■ DATA SHOWN ■
────────────────

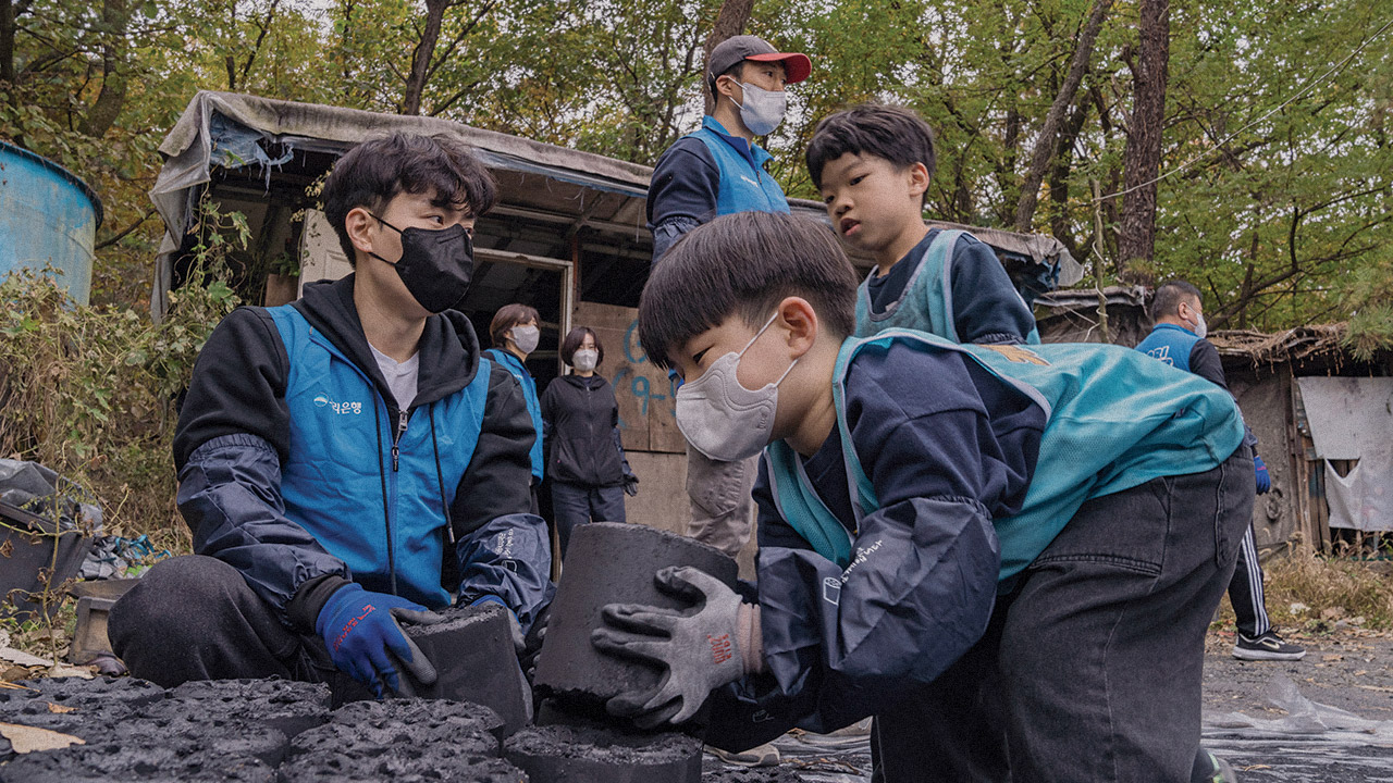 지난 11월 8일 토요일, WOORI 가족봉사단이 서울 구룡마을을 찾았다. 이웃들이 따뜻한 겨울을 지내는 데 보탬이 되길 바라며 손수 연탄 나르기에 나선 것이다. 주말 늦잠 대신 나눔 실천을 선택한 가족들이 하나둘 모여들자 고요한 동네에 활기가 돌기 시작한다.
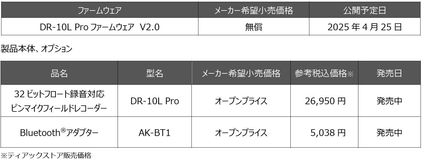 32ビットフロート録音対応ピンマイクレコーダー『DR-10L Pro』タイムコード同期機能において、LTCによるジャムシンクが追加となるファームウェアV2.0を公開
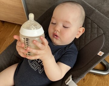 Malý vzal láhev, ochutnal, vytáhnul ji z úst, podíval se na mě, co jsem mu zase dala za jiné mléko. Ptala jsem se ho, copak se děje: "Nechutná ti mlíčko?" Odpověď byla jako vždy "hmm hmm" a pokračoval v pití dál. Během minutky byla porce v něm, tak jsem usoudila, že mléko Nutrilon 3 Profutura DUOBIOTIK™ mu chutná. Koukal na mě, zda máme ještě, že mu tahle porce nestačila. Musela jsem dodělat ještě jednu porci, která se v něm také ztratila velmi rychle. Odříhnul si a spinkal krásných 8 hodin v kuse. Mléko Nutrilon 3 Profutura DUOBIOTIK™ pije 2-3x denně cca 266 ml hotového mléka dle doporučení výrobce. Neviděla jsem žádný problém, že by Ondráškovi mléko nechutnalo. Neublinkává si, je spokojený. Stolici má také normální. Podle pana doktora je vidět, že prospívá a je spokojený. Máme otevřené poslední balení a spokojenost je zatím maximální.

────────────────

■ INSTRUCTIONS TO FOLLOW ■
Transcribe the data verbatim. No picture belongs in the result.

■ ANSWER TO THE PROBLEM ■
 지난 11월 8일 토요일, WOORI 가족봉사단이 서울 구룡마을을 찾았다. 이웃들이 따뜻한 겨울을 지내는 데 보탬이 되길 바라며 손수 연탄 나르기에 나선 것이다. 주말 늦잠 대신 나눔 실천을 선택한 가족들이 하나둘 모여들자 고요한 동네에 활기가 돌기 시작한다.
 32ビットフロート録音対応ピンマイクレコーダー『DR-10L Pro』タイムコード同期機能において、LTCによるジャムシンクが追加となるファームウェアV2.0を公開
 Malý vzal láhev, ochutnal, vytáhnul ji z úst, podíval se na mě, co jsem mu zase dala za jiné mléko. Ptala jsem se ho, copak se děje: "Nechutná ti mlíčko?" Odpověď byla jako vždy "hmm hmm" a pokračoval v pití dál. Během minutky byla porce v něm, tak jsem usoudila, že mléko Nutrilon 3 Profutura DUOBIOTIK™ mu chutná. Koukal na mě, zda máme ještě, že mu tahle porce nestačila. Musela jsem dodělat ještě jednu porci, která se v něm také ztratila velmi rychle. Odříhnul si a spinkal krásných 8 hodin v kuse. Mléko Nutrilon 3 Profutura DUOBIOTIK™ pije 2-3x denně cca 266 ml hotového mléka dle doporučení výrobce. Neviděla jsem žádný problém, že by Ondráškovi mléko nechutnalo. Neublinkává si, je spokojený. Stolici má také normální. Podle pana doktora je vidět, že prospívá a je spokojený. Máme otevřené poslední balení a spokojenost je zatím maximální.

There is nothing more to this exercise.